## Work request
Begin with the first line below and retype each line exactly through the line containing "Лошадь сшита из". Any pictures are to be left out.

## Available data
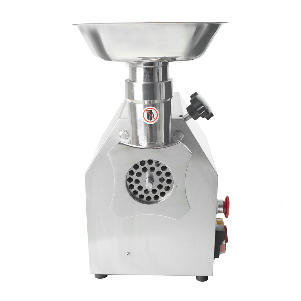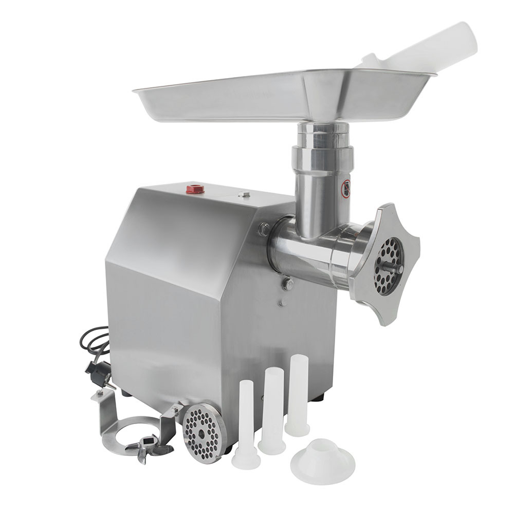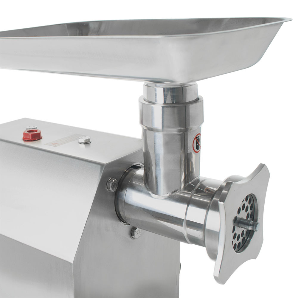 Прибор оснащен мощным двигателем, способным выдержать ежедневные нагрузки на предприятиях общественного питания с большой проходимостью. При сравнительно небольших габаритах: 385x240x415 (Д х Ш х В, мм), мясорубка может обработать до 150 кг продукта в час.
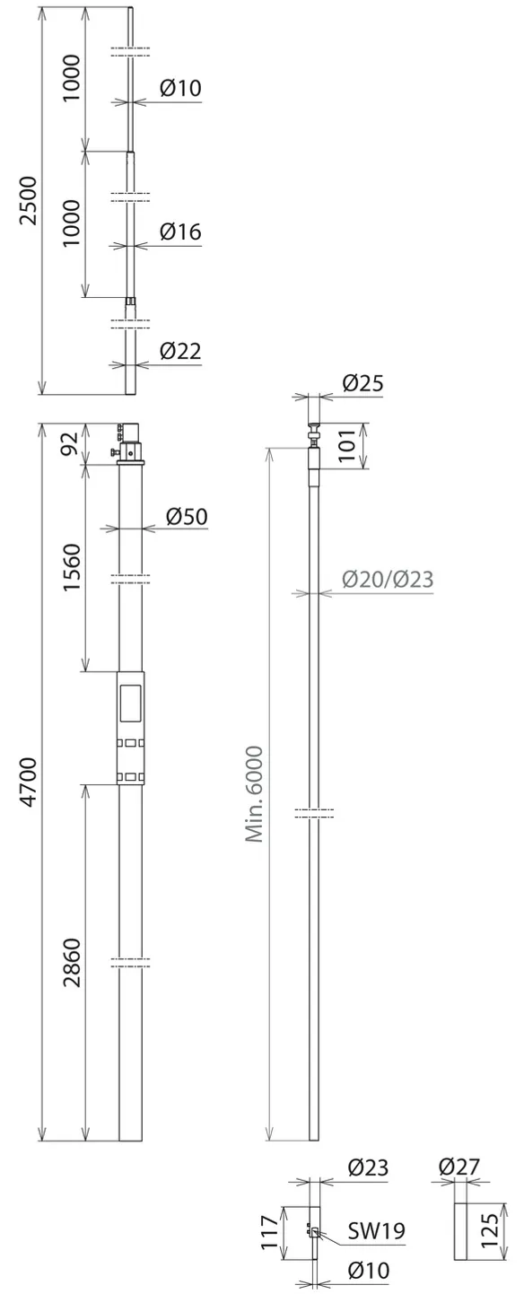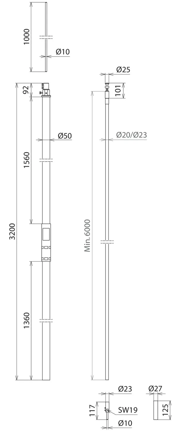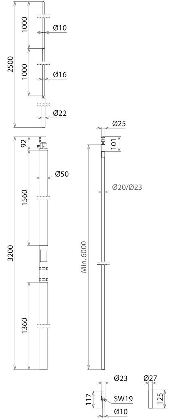 | Maksymalna długość swobodna z iglicą odgromową (montaż naścienny) | 3500 mm |
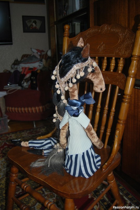 Лошадь сшита из бархата-ламбрекен от гардины, вся одежда-из запасных лоскутков ,рост 93 см.
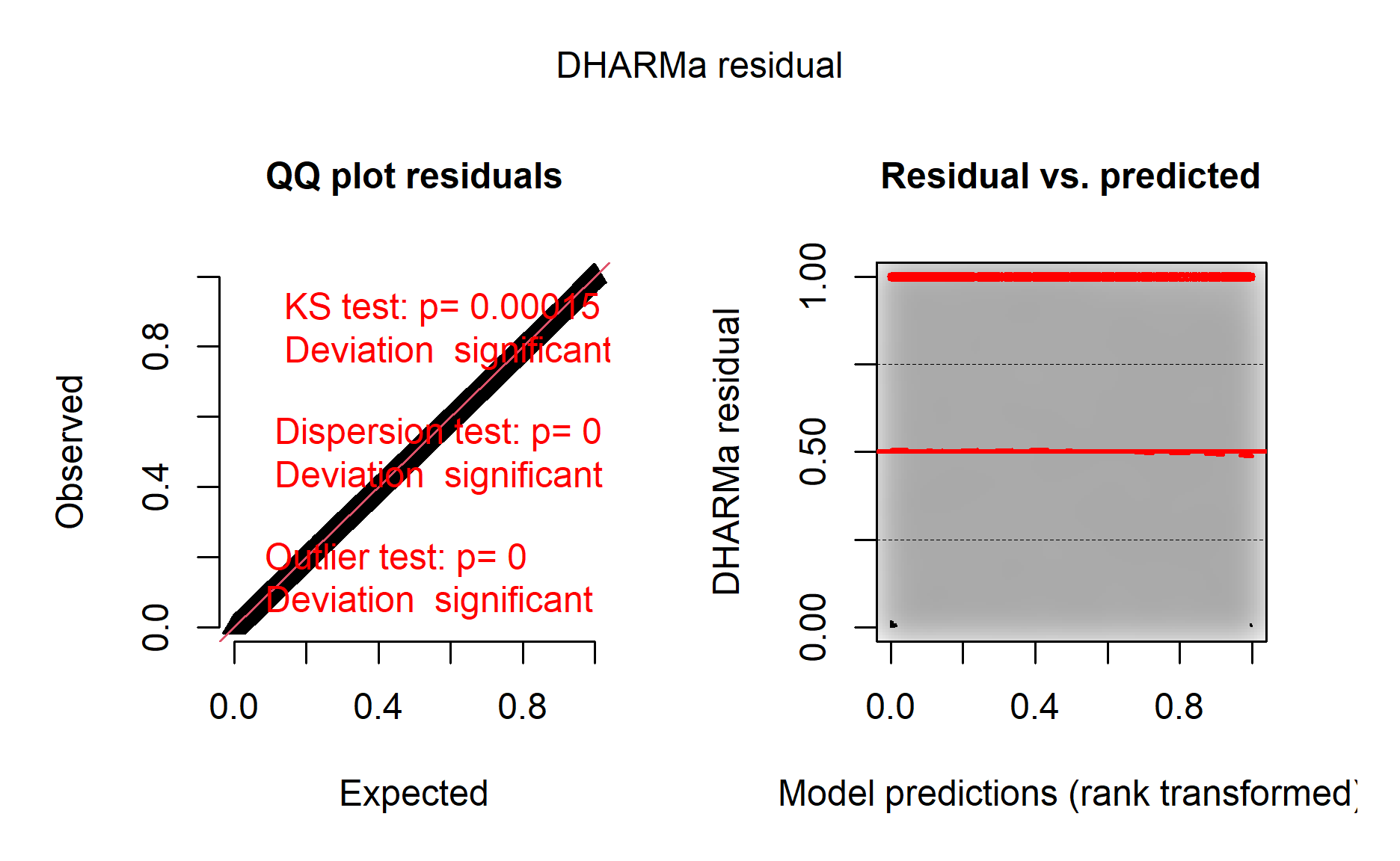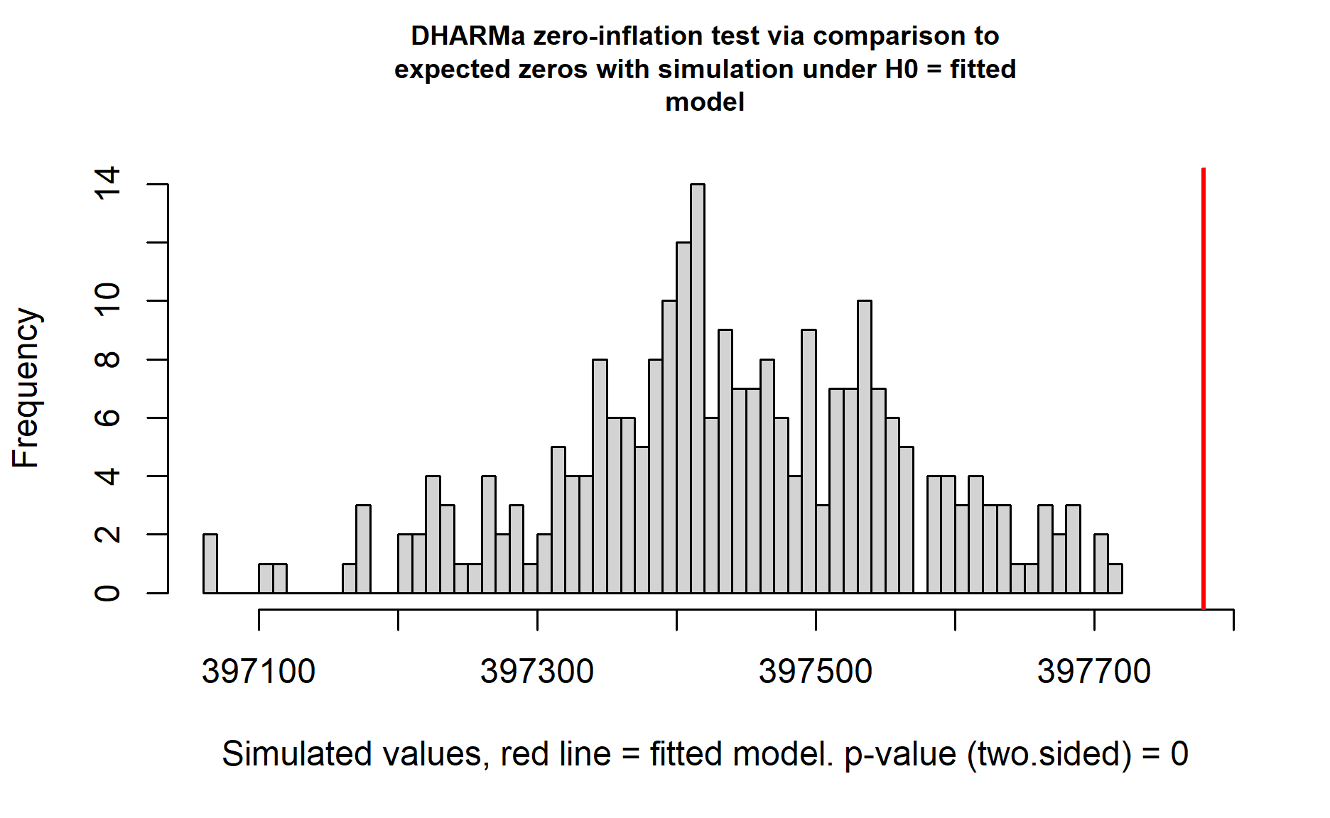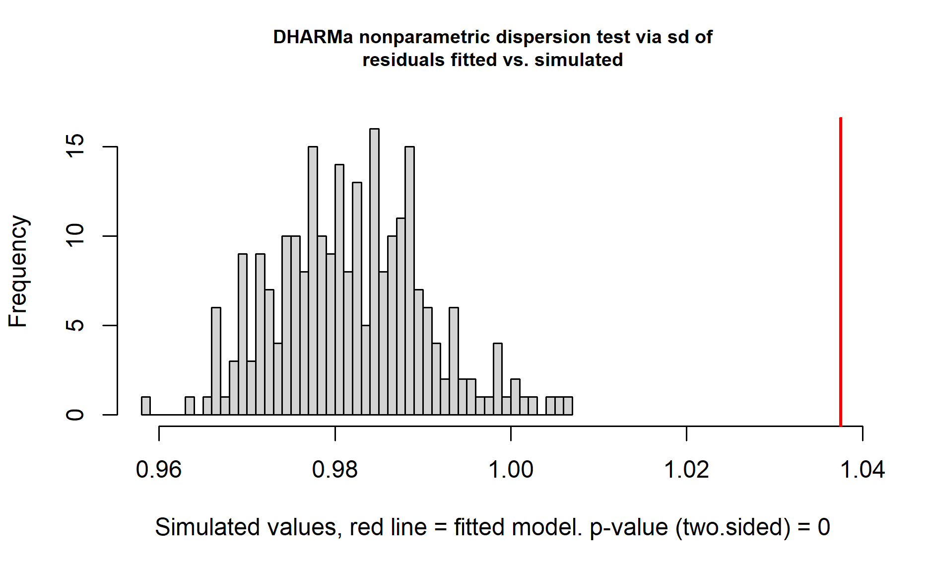 However, as mentioned in the vignette by DHMARMa package, overdispersion could lead to excess zeros. Hence, I will perform dispersion test next.

## Response area
 Прибор оснащен мощным двигателем, способным выдержать ежедневные нагрузки на предприятиях общественного питания с большой проходимостью. При сравнительно небольших габаритах: 385x240x415 (Д х Ш х В, мм), мясорубка может обработать до 150 кг продукта в час.
 | Maksymalna długość swobodna z iglicą odgromową (montaż naścienny) | 3500 mm |
 Лошадь сшита из бархата-ламбрекен от гардины, вся одежда-из запасных лоскутков ,рост 93 см.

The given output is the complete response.